■ REQUIRED WORK
The pictures stay out. Please retype every line below exactly.

■ MATERIAL TO PROCESS
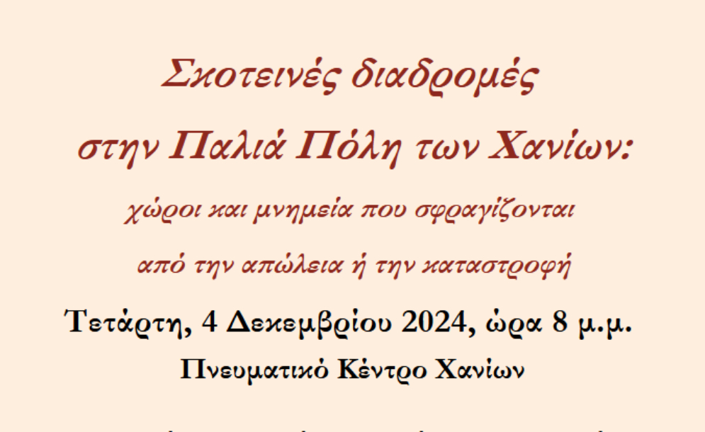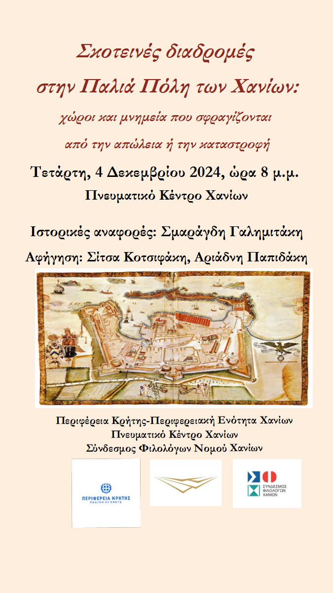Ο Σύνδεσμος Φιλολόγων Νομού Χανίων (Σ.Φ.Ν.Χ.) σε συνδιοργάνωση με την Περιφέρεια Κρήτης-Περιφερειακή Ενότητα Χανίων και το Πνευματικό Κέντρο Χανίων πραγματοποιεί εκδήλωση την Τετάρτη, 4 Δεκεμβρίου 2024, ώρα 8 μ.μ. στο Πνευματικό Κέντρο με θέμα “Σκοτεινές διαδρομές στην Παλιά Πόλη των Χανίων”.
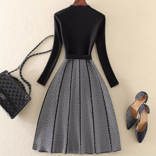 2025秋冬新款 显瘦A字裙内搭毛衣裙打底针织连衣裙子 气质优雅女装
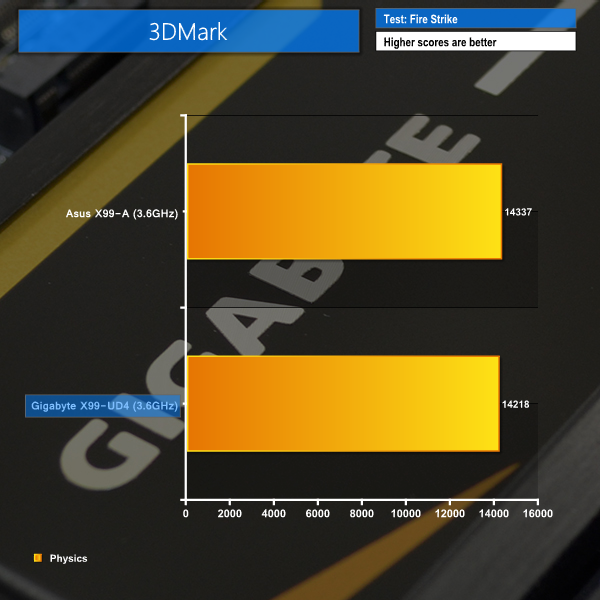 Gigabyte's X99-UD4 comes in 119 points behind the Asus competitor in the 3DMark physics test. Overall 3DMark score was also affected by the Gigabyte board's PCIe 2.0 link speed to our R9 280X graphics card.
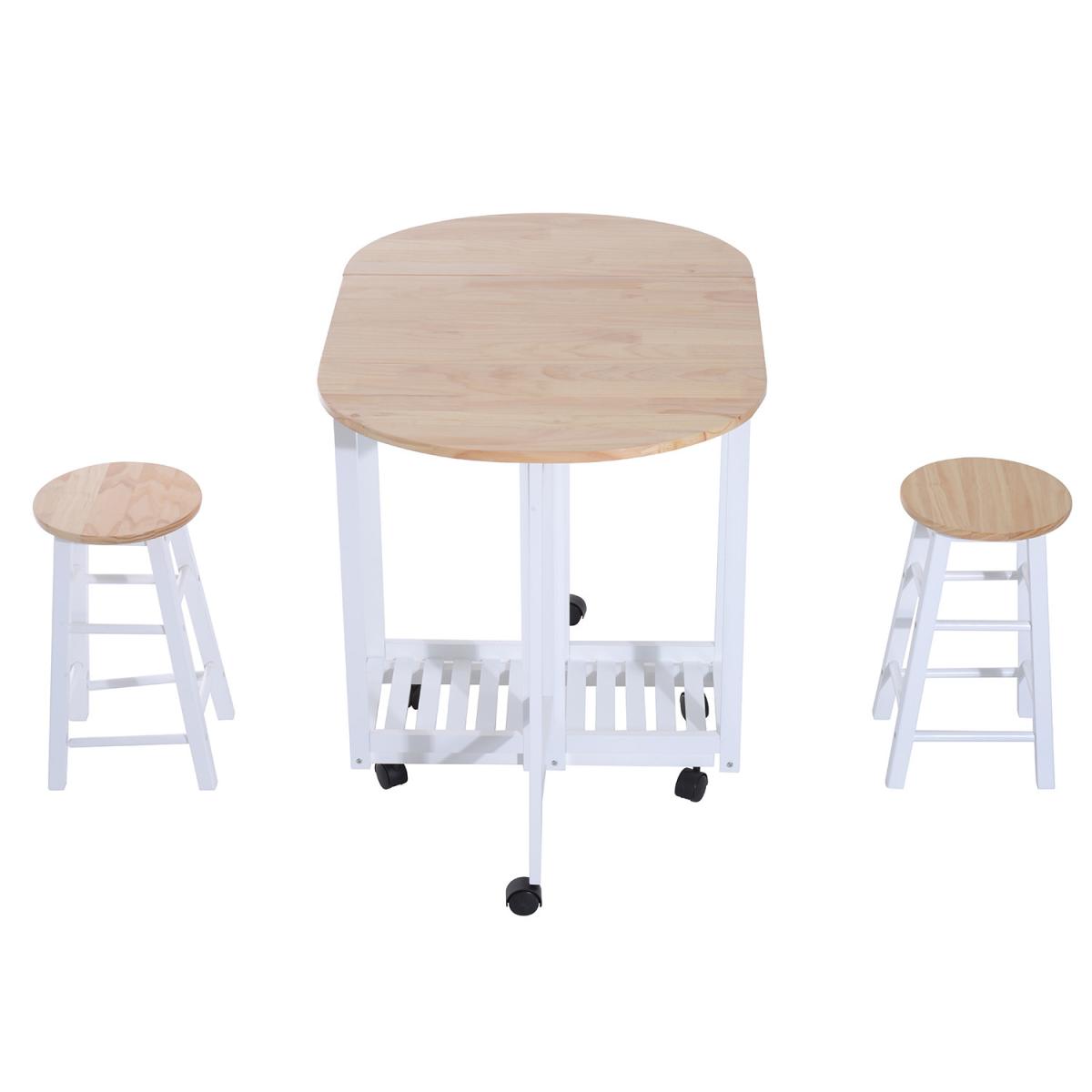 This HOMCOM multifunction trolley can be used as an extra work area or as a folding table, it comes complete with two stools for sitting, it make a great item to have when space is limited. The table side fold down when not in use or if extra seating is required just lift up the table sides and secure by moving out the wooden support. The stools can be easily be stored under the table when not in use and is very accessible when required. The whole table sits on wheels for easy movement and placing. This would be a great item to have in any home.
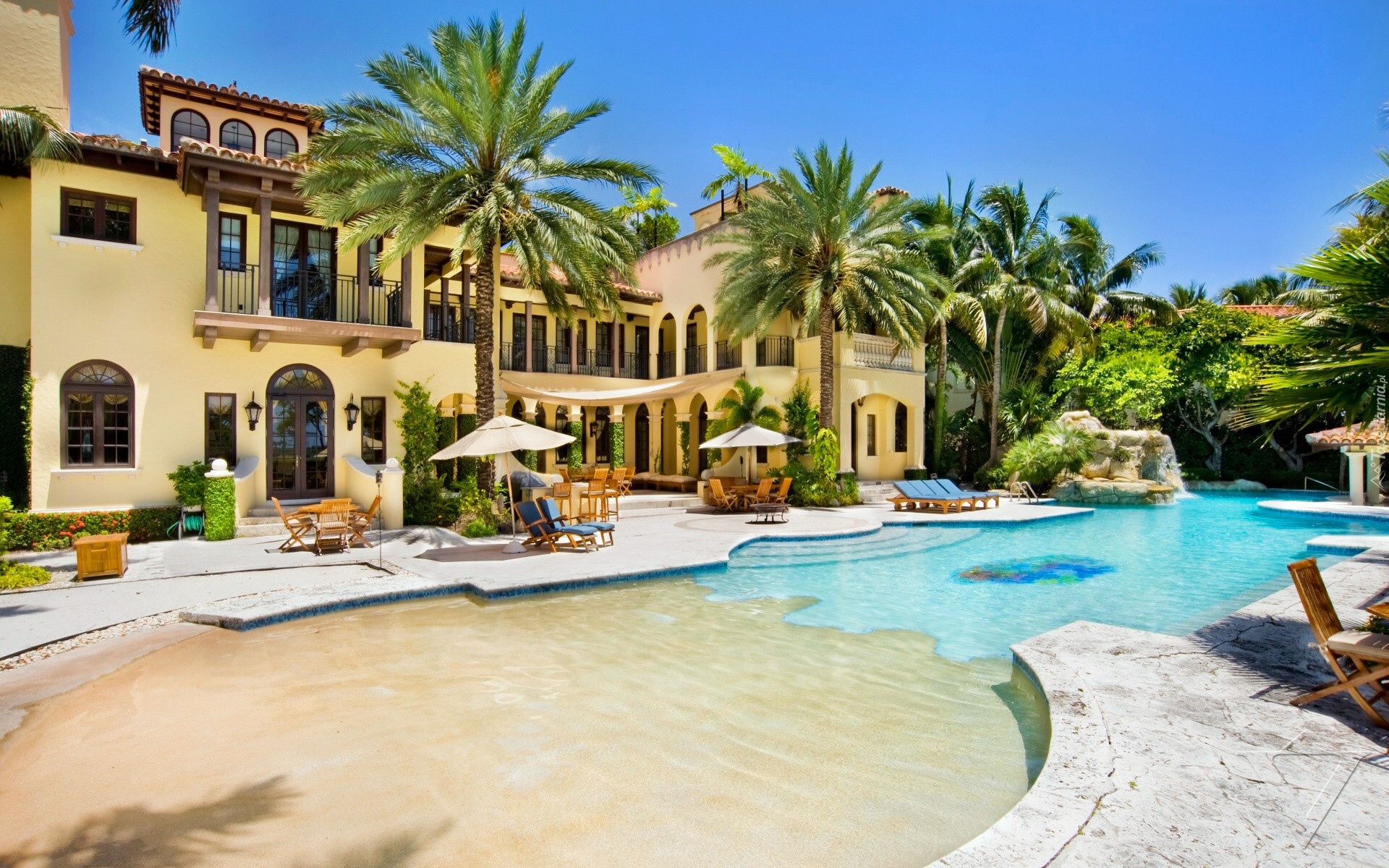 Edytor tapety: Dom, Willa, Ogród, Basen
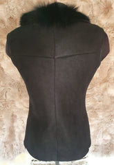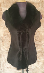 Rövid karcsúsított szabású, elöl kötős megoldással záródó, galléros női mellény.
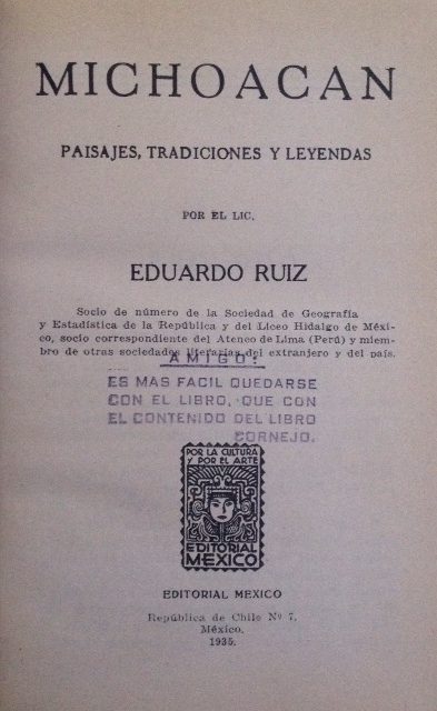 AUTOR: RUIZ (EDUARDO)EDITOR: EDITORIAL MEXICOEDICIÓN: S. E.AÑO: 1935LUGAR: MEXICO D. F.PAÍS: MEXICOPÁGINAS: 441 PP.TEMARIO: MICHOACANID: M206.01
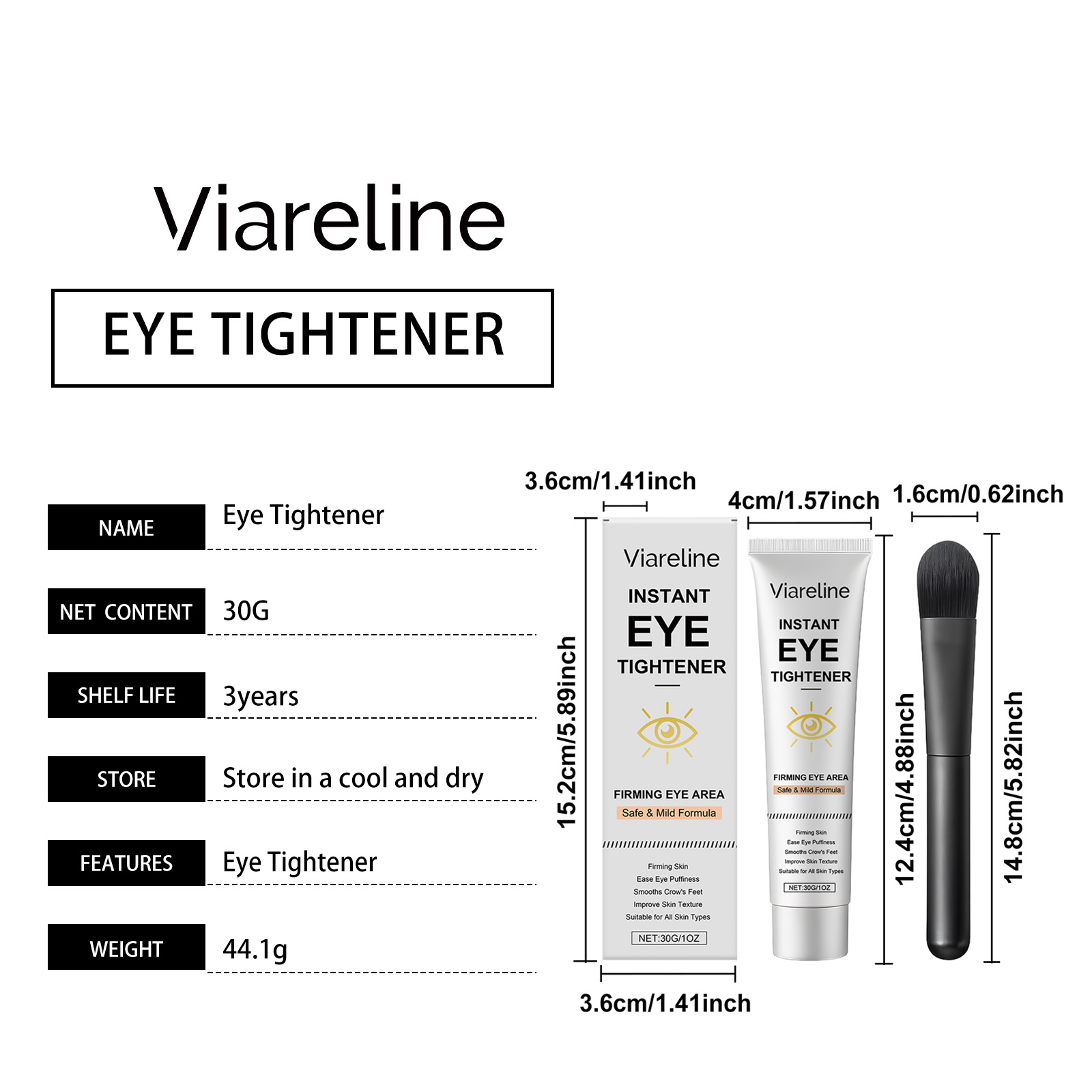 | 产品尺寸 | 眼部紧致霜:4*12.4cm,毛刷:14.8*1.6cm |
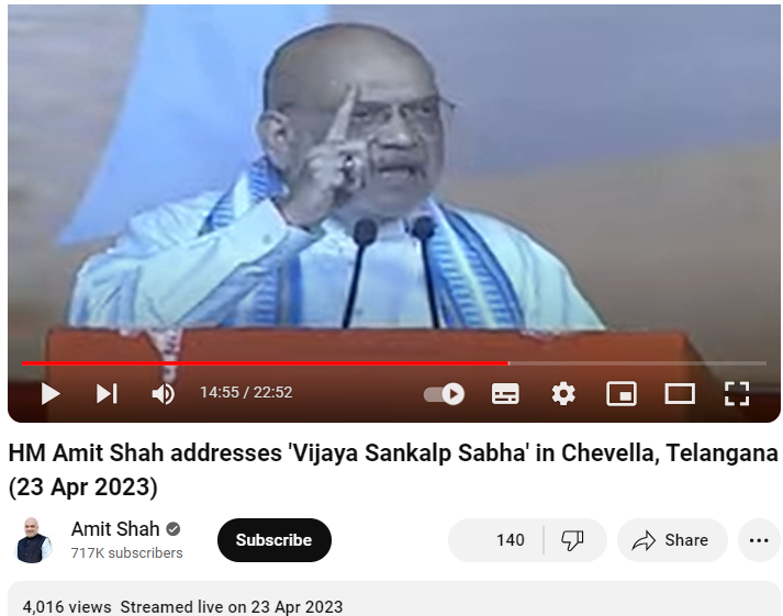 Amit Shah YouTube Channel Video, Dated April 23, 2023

■ TASK ANSWER
Ο Σύνδεσμος Φιλολόγων Νομού Χανίων (Σ.Φ.Ν.Χ.) σε συνδιοργάνωση με την Περιφέρεια Κρήτης-Περιφερειακή Ενότητα Χανίων και το Πνευματικό Κέντρο Χανίων πραγματοποιεί εκδήλωση την Τετάρτη, 4 Δεκεμβρίου 2024, ώρα 8 μ.μ. στο Πνευματικό Κέντρο με θέμα “Σκοτεινές διαδρομές στην Παλιά Πόλη των Χανίων”.
 2025秋冬新款 显瘦A字裙内搭毛衣裙打底针织连衣裙子 气质优雅女装
 Gigabyte's X99-UD4 comes in 119 points behind the Asus competitor in the 3DMark physics test. Overall 3DMark score was also affected by the Gigabyte board's PCIe 2.0 link speed to our R9 280X graphics card.
 This HOMCOM multifunction trolley can be used as an extra work area or as a folding table, it comes complete with two stools for sitting, it make a great item to have when space is limited. The table side fold down when not in use or if extra seating is required just lift up the table sides and secure by moving out the wooden support. The stools can be easily be stored under the table when not in use and is very accessible when required. The whole table sits on wheels for easy movement and placing. This would be a great item to have in any home.
 Edytor tapety: Dom, Willa, Ogród, Basen
 Rövid karcsúsított szabású, elöl kötős megoldással záródó, galléros női mellény.
 AUTOR: RUIZ (EDUARDO)EDITOR: EDITORIAL MEXICOEDICIÓN: S. E.AÑO: 1935LUGAR: MEXICO D. F.PAÍS: MEXICOPÁGINAS: 441 PP.TEMARIO: MICHOACANID: M206.01
 | 产品尺寸 | 眼部紧致霜:4*12.4cm,毛刷:14.8*1.6cm |
 Amit Shah YouTube Channel Video, Dated April 23, 2023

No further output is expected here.